Inheritance tax (IHT) is a tax on your wealth at death and is deducted from your estate before it can be passed on to your heirs.
Broadly, anything over £312,000 will be taxed at 40% if you die during the 2008-2009 tax year.
There is no IHT liability on the assets you leave to your spouse, but once he or she dies, then the value of the joint estate in excess of the exemption is taxable.
Apart from the main exemption, there are several ways to mitigate your inheritance tax bill. For example, each year you can give away up to £3,000 free of CGT. If you didn't use last year's exemption you can add it to this year's.
It is possible to give away any amount in excess of this but if you die within seven years you pay tax on a sliding scale based on when you made the gift and the date of death.
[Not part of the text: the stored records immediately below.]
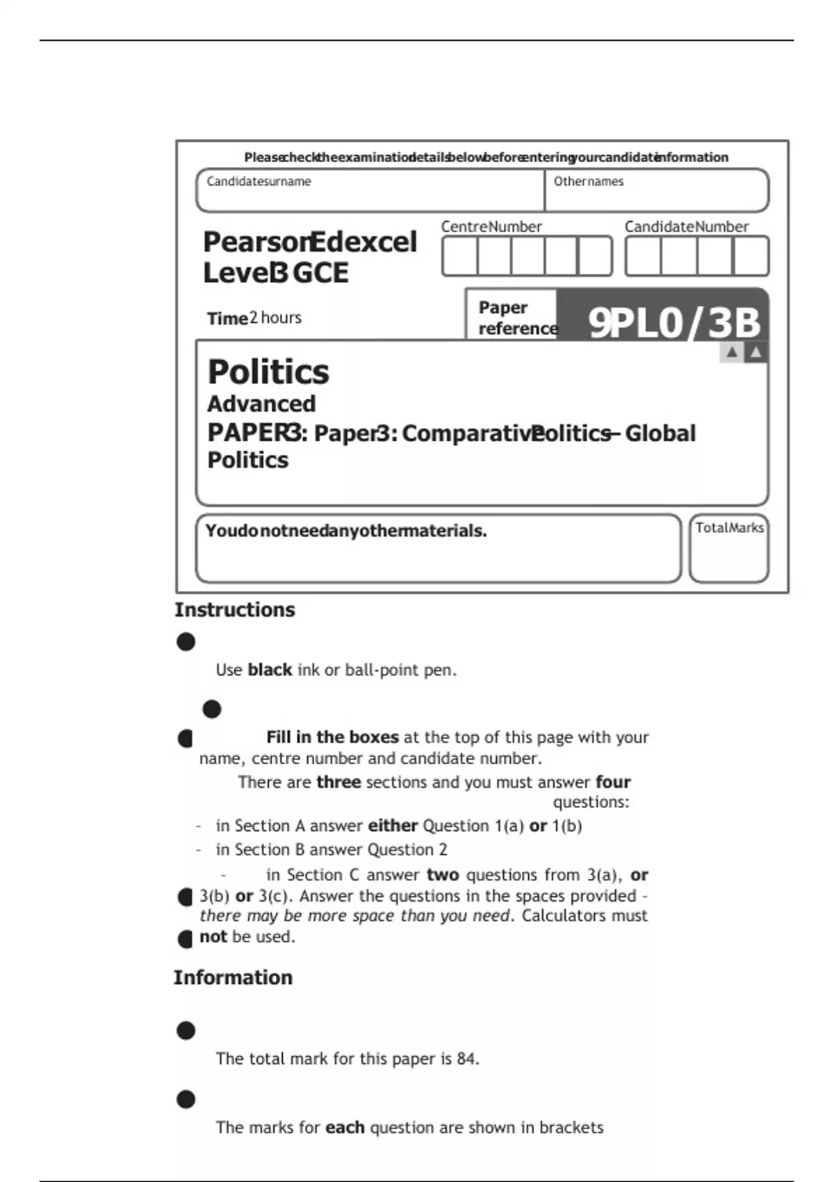 PEARSON COMPARATIVE POLITICS - QUESTION PAPER A LEVEL 2021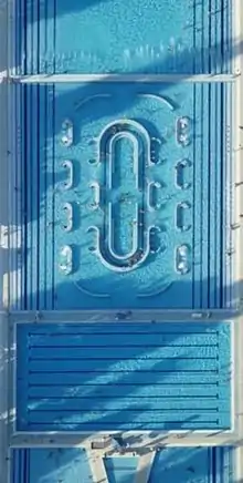 'Széll Kálmán tér' tram: 4 or 6 to 'Margaret Island' stop and walk in across the two lanes wide bridge consol, or from Metro Nyugati tér take bus 26 which stops several times on the Island). 24/7. Margaret Island is connected to the city by Árpád Bridge to the north and Margaret Bridge to the south. The island is mostly covered by landscape parks, and is a popular recreational area. Its medieval ruins are reminders of its importance in the Middle Ages as a religious centre. You can stroll for hours in its large parks. There are Sportcomplex, Outdoor 'Palatinus' bath, minizoo, flower garden, two hotels, pubs. and several clubs and restaurants. For exploration and pastime, four-person cycle cars or small electric cars can be rented for use on the area of the island. Sights on a map. Free. - 🌍 Alfréd Hajós sports pool (Nemzeti Sportuszoda), Margaret Island, Hajós Alfréd sétány (take bus 26 to stop Hajós Alfréd uszoda). An aquatics complex. Built in 1930 according to plan Alfréd Hajós. as a free-standing, flat-roofed, reinforced concrete building. The open air swimming pool built in seven years later. The hall is include elliptical holders. The corners of the east and west facades of the main part decorated with semicirculared avant-corps. The most part of the facede covered with Clinker bricks and decorated with artificial stone's window sill. North from the buildings are pools with diving tower and grandstand for spectators. Under the grandstand can be found the changing rooms. - Both sides of the main facades located flagpoles with carved sedge leaf. There is an archway front of the west facade. Stairs lead to the grandstands from both end of the foyer. Under the gallery of the north side of the building is a small indoor pool. The European LC Championships 1958, 2006 and 2010 took place here. See in do chapter.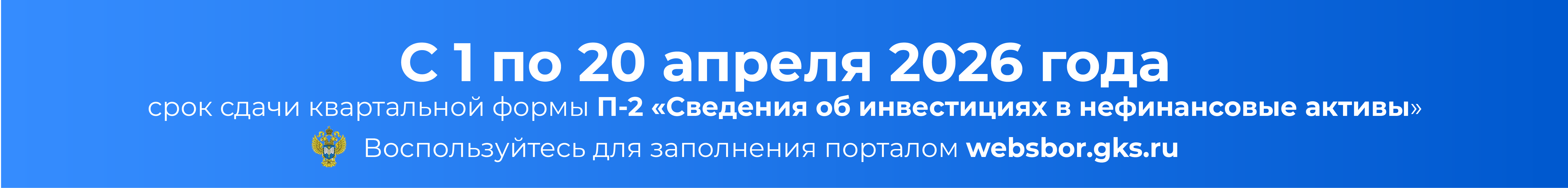 Юридическим лицам с 1 по 20 апреля 2026 года необходимо направить первичные статистические данные по квартальной форме федерального статистического наблюдения № П-2 «Сведения об инвестициях в нефинансовые активы».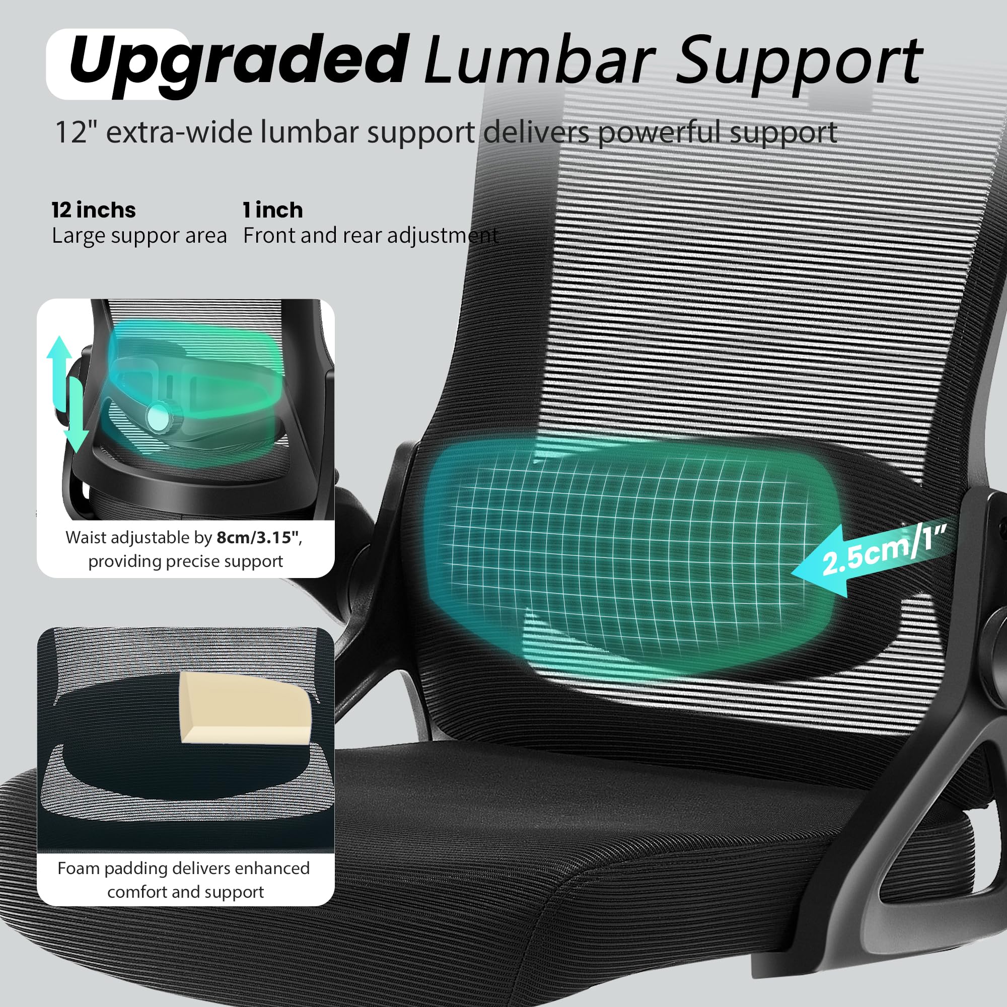 - Adjustable Lumbar Support and Headrest: Our computer chair headrest can be adjusted up and down 3.9 inches, also can adjust the angle, while the lumbar support system can be adjusted 1 inch forward and backward, up and down 3.15 inches, which can perfectly fit the human body's neck, lumbar, and back spine, to protect the health of the neck, spine, and to enhance the sense of comfort (adjusted according to your height and body type)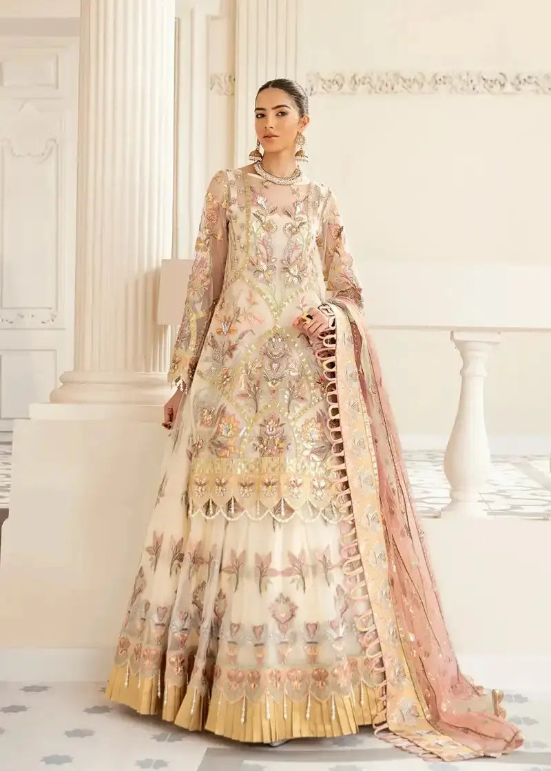 This exquisite design from Akbar Aslam’s Raqi Collection is a blend of luxury and finesse. Crafted on premium net and tissue fabrics with rich hand embellishments, it features a detailed dupatta with layered borders and an optional net lehenga for a more regal look. Perfect for weddings and festive occasions.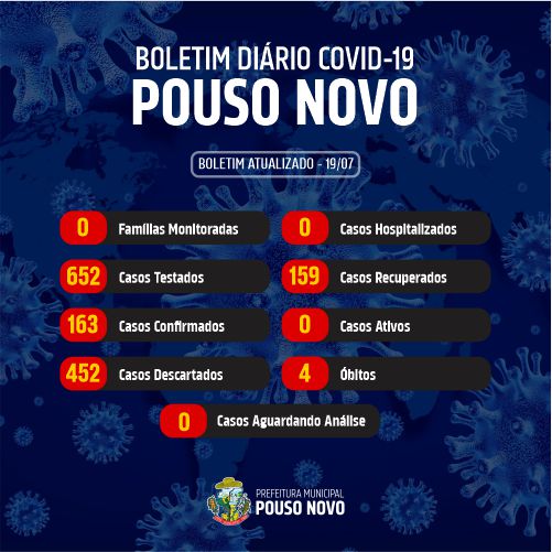 Boletim diário do Comitê de Enfrentamento ao Coronavírus, atualizado na tarde de hoje (19/07).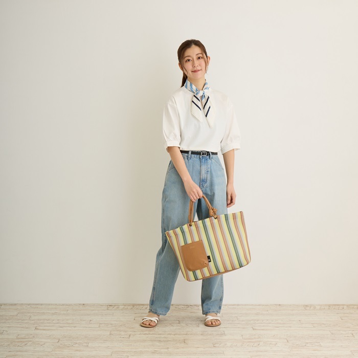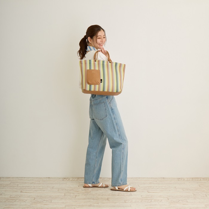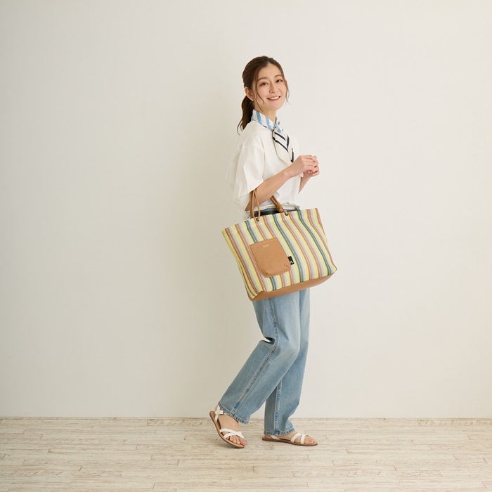 商品説明 | ・・フワフワした触り心地、暑い季節にもベタ付きにくい! ・生地やクリームが重なり合い、網目模様が特徴のウェファースから名付けた「ウエッファ」(ウエッファはウエファースの単数形です。) ・持ってるだけで映える! ・フェイクレザーのかわいいハンドルとルーポケットがアクセント。 ・オモテとウラと使い分け。 ・ルーポケット面を気分やファッションに合わせてチェンジ。持って楽しいデザインです。 ・カラフルなストライプ柄。柄の出かたはいろいろ。ひとつひとつ違った表情をお楽しみください。 ・A4サイズのファイルが収納できるサイズ。 ・ボトル、ランチボックス、ポーチ、傘などもらくらく収納。フェイクレザー底で、しっかり安定するつくり。 ・ドットボタン開閉で、中身を隠せて安心です。 ・サラリとした手触りは暑い季節にもベタつかず、快適。いつでも清潔に。汗ばむ季節のデイリーなご使用にオススメ! ・手洗い可能(手おし洗い推奨)で、衛生的に安心してご利用いただけます。 ・季節を問わず大活躍です。 |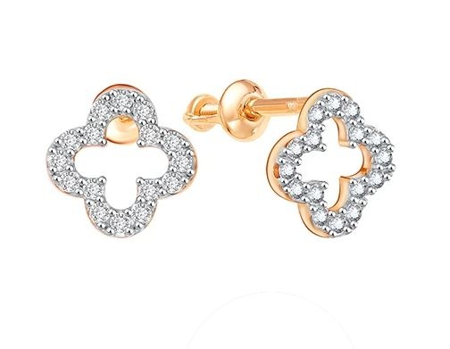 Серьги пусеты из золота 585 пробы с фианитами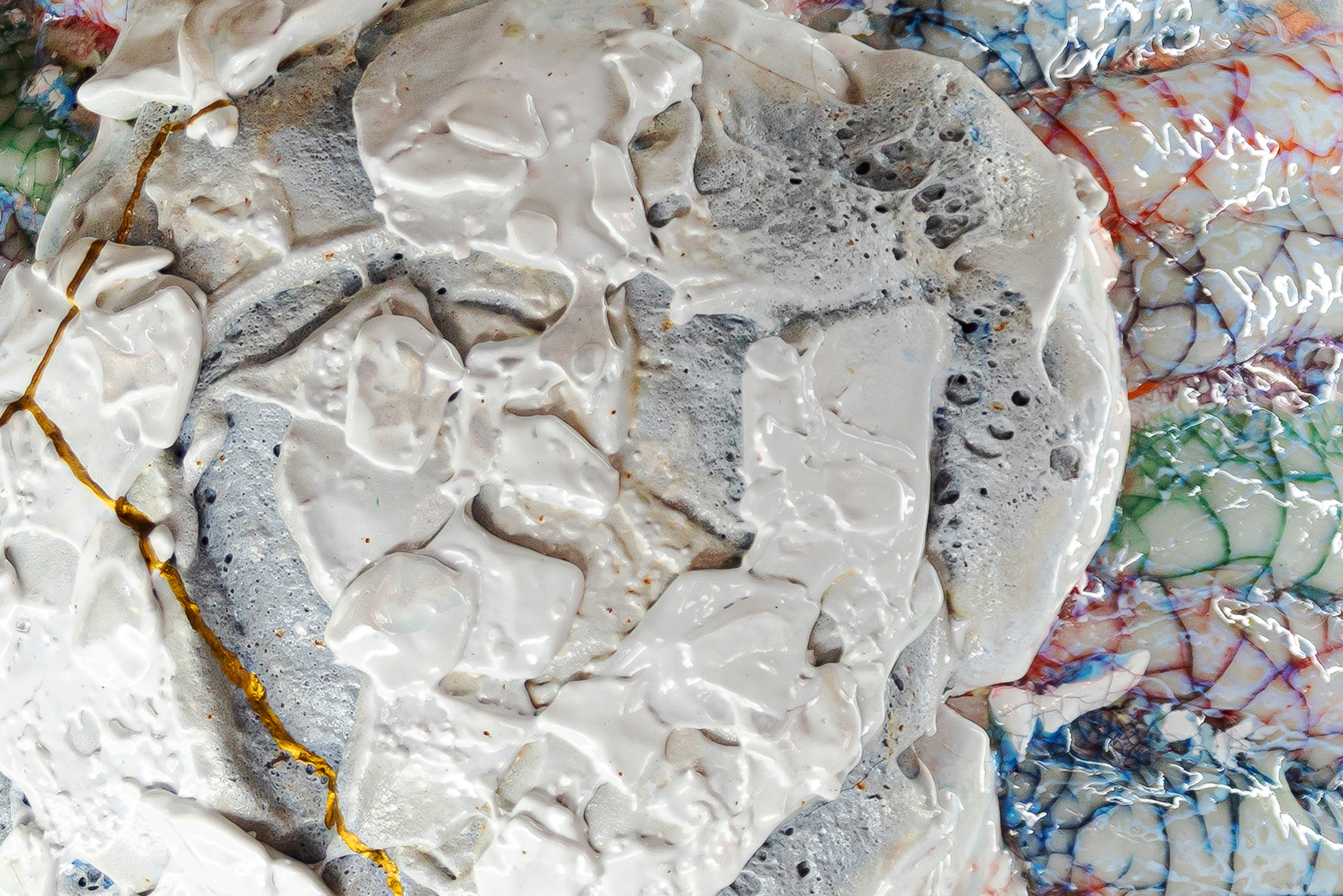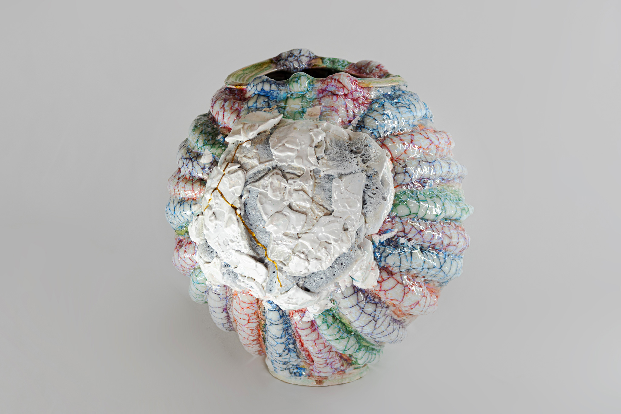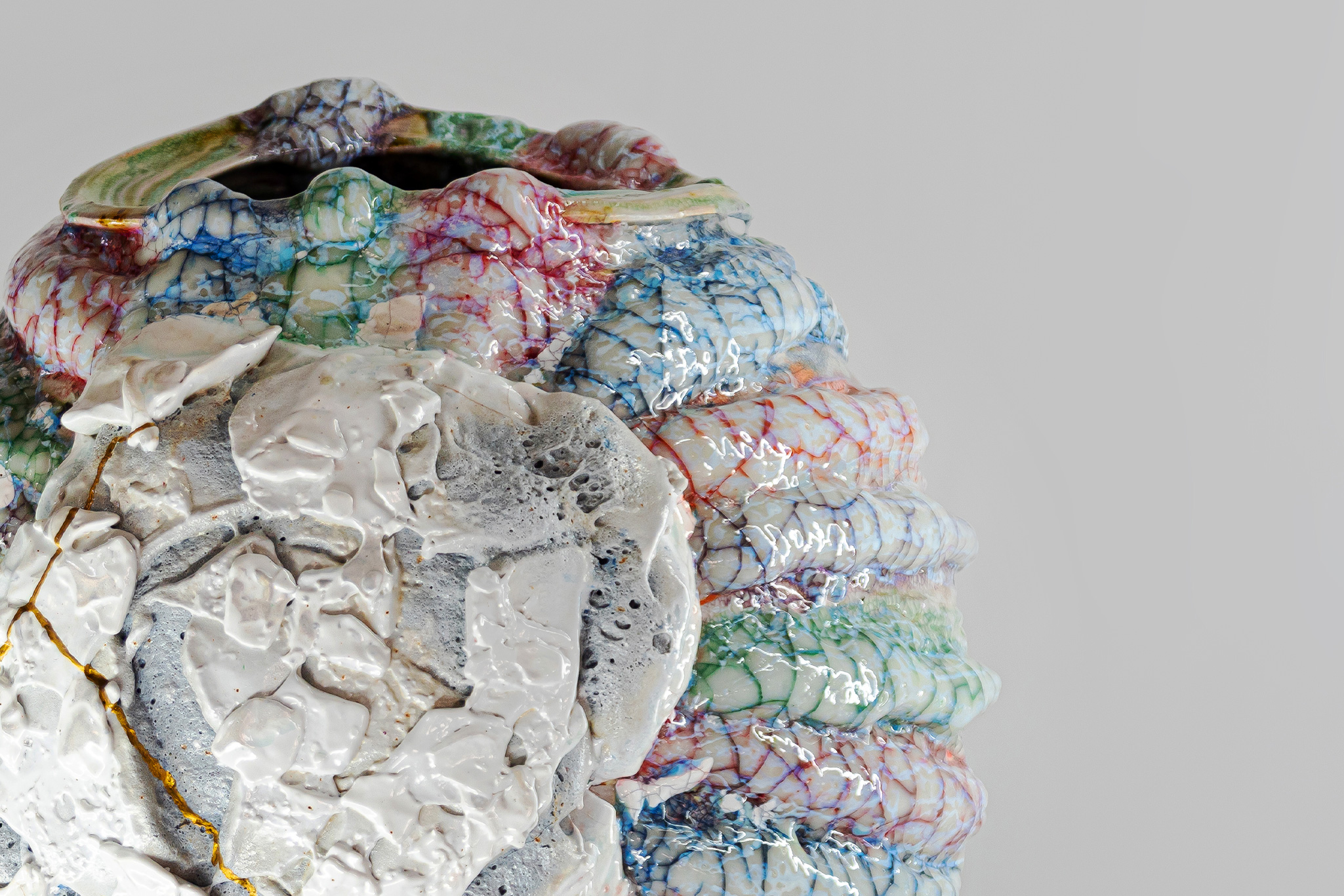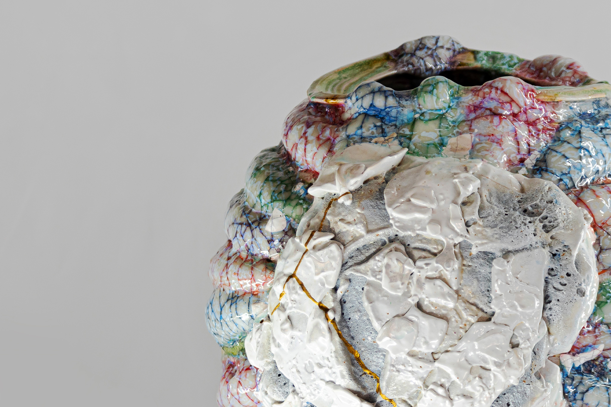 At the same time, Ujiie’s practice is deeply informed by the conventions of traditional Japanese pottery, particularly in his use of technical fusions that bridge historical methods with contemporary form. By adapting the kintsugi lacquer mending process, he brings a layered sensibility to his practice; his unpredictable glazes—thickly applied and often suggesting a synthetic gloss—conjure a striking sense of spontaneity within otherwise carefully constructed, deliberate forms. These works gesture toward utility, subtly alluding to conventional vessels or architectural fragments—recalling Betty Woodman’s reimagining of ceramic traditions through hybrid, architectonic gestures—while their meanings unfold through multiple layers of interpretation and ambiguity. His ceramics also evoke an animated quality: bulbous, soft-edged, almost creaturely forms that suggest narrative or anthropomorphic character, aligning with the expressive, sculptural approach of Ken Price and inviting viewers to engage with them as lively, enigmatic presences rather than mere objects.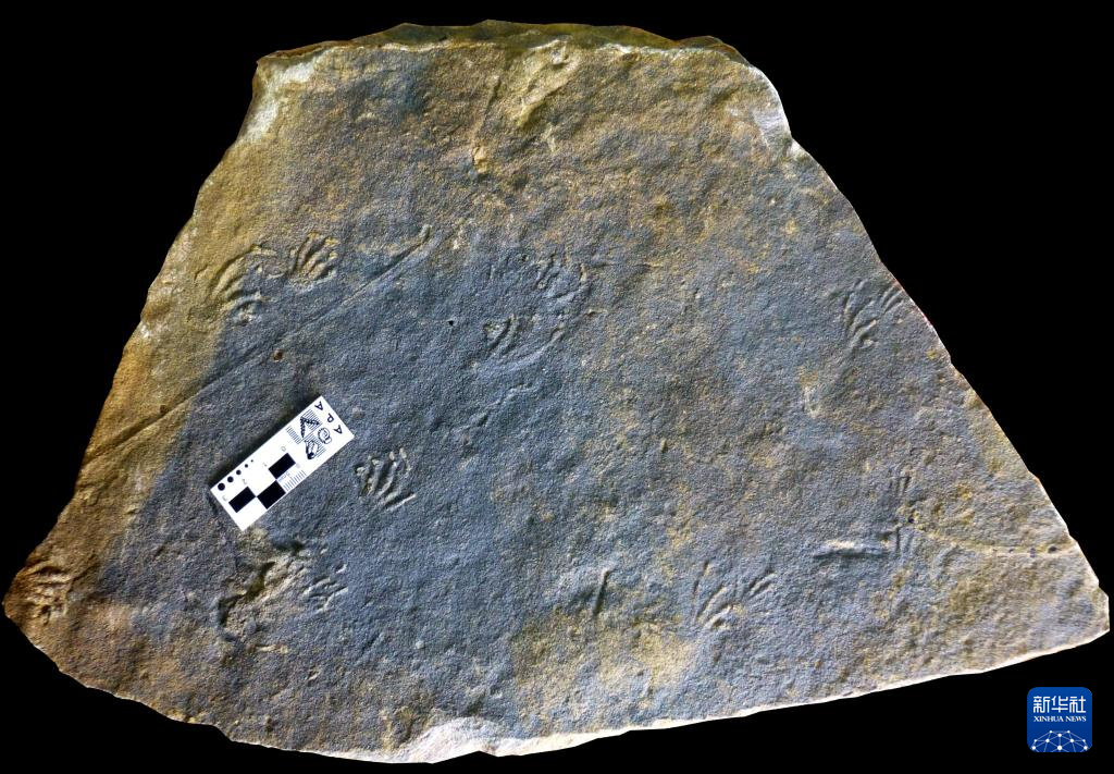 这是2017年5月研究人员在西班牙北部阿斯图里亚斯自治区拍摄的蜥蜴足迹岩板。新华社发(研究团队供图)

This arrangement, known as a "potentially exempt transfer" (PET), may be abolished in a future Budget.
If you have a share portfolio, you may also be able to use Business Property Relief to reduce your IHT. Shares that qualify for this relief include most of the AIM and OFEX companies, but you must have held the shares for a minimum of two years prior to your death for them to be exempt from IHT. If two years has not elapsed, the portfolio will be subject to IHT. Any subsequent capital gains made by the beneficiary are subject to CGT as normal.
If you anticipate a large IHT liability consider taking out a life assurance policy which will cover the costs when you die.